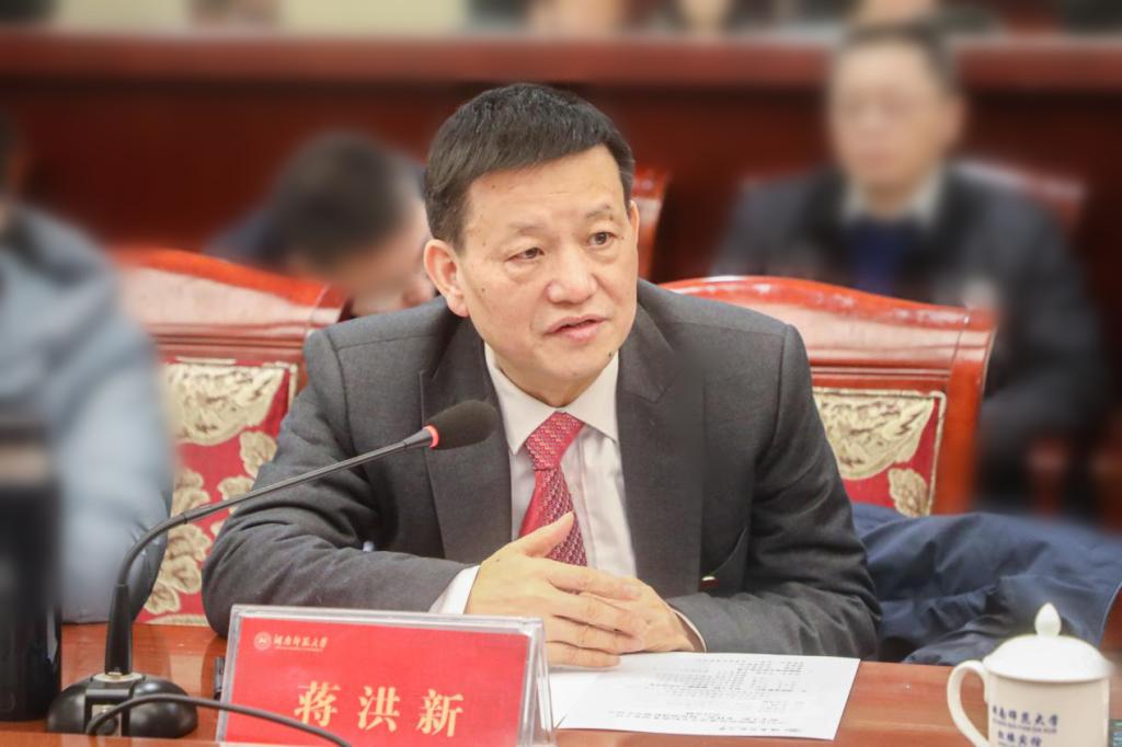 蒋洪新简要介绍了我校的办学历史、发展现状、学科建设等基本情况。他强调,我校始终秉承三个理念办学建校:一是坚持党的领导,走社会主义正确办学方向;二是注重师资强校,深入实施人才强校战略;三是打造共同体建校新模式,凝聚多方资源力量。他表示,我校推出的就业创业保障措施被人民日报等媒体报道,教学质量系统有保障,就业工作拥有良好基础,毕业生就业有高度自豪感。
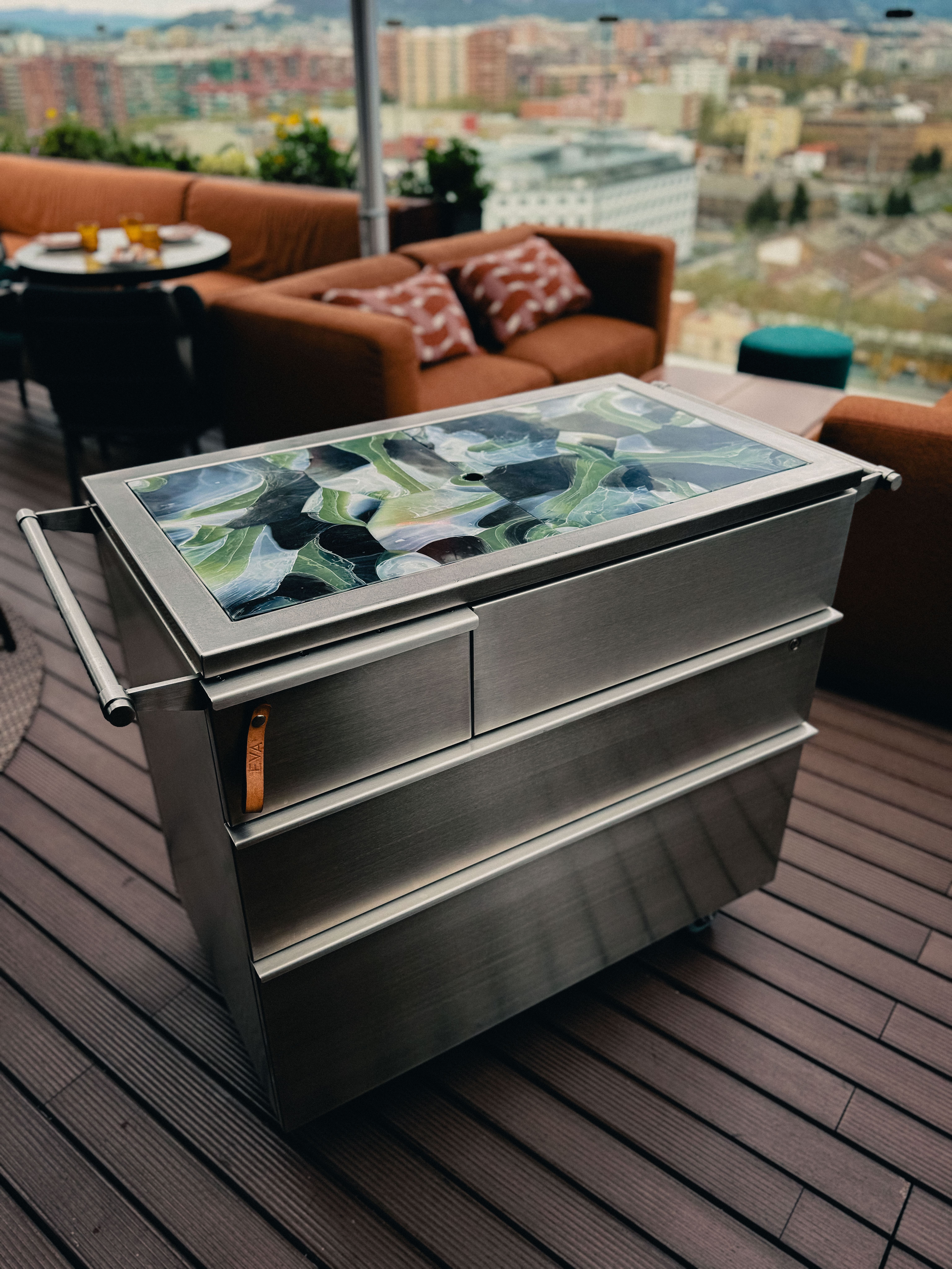 A collaboration in Barcelona, extending material thinking from coasters to the Eva trolley. Working with Weez & Merl, recycled plastic becomes both surface and statement, shaped through process and use.
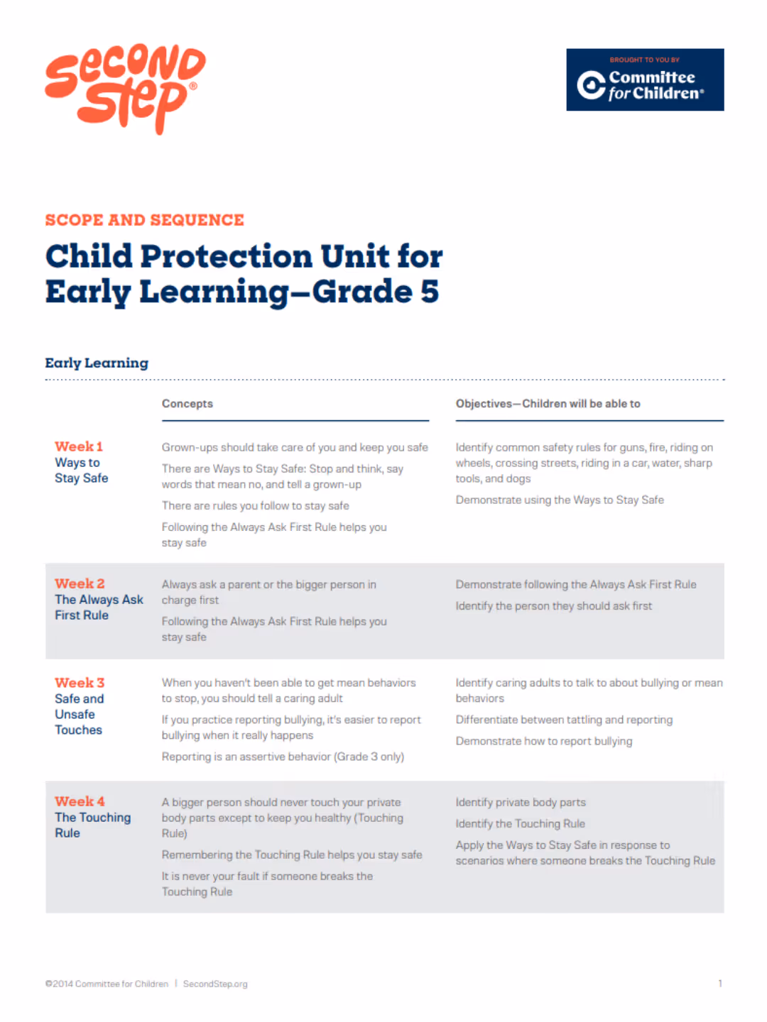 Second Step® Early Learning Scope & Sequence Short Version

Task directions:
Word for word, repeat all the data, but not its images.

Answer below:
 蒋洪新简要介绍了我校的办学历史、发展现状、学科建设等基本情况。他强调,我校始终秉承三个理念办学建校:一是坚持党的领导,走社会主义正确办学方向;二是注重师资强校,深入实施人才强校战略;三是打造共同体建校新模式,凝聚多方资源力量。他表示,我校推出的就业创业保障措施被人民日报等媒体报道,教学质量系统有保障,就业工作拥有良好基础,毕业生就业有高度自豪感。
 A collaboration in Barcelona, extending material thinking from coasters to the Eva trolley. Working with Weez & Merl, recycled plastic becomes both surface and statement, shaped through process and use.
 Second Step® Early Learning Scope & Sequence Short Version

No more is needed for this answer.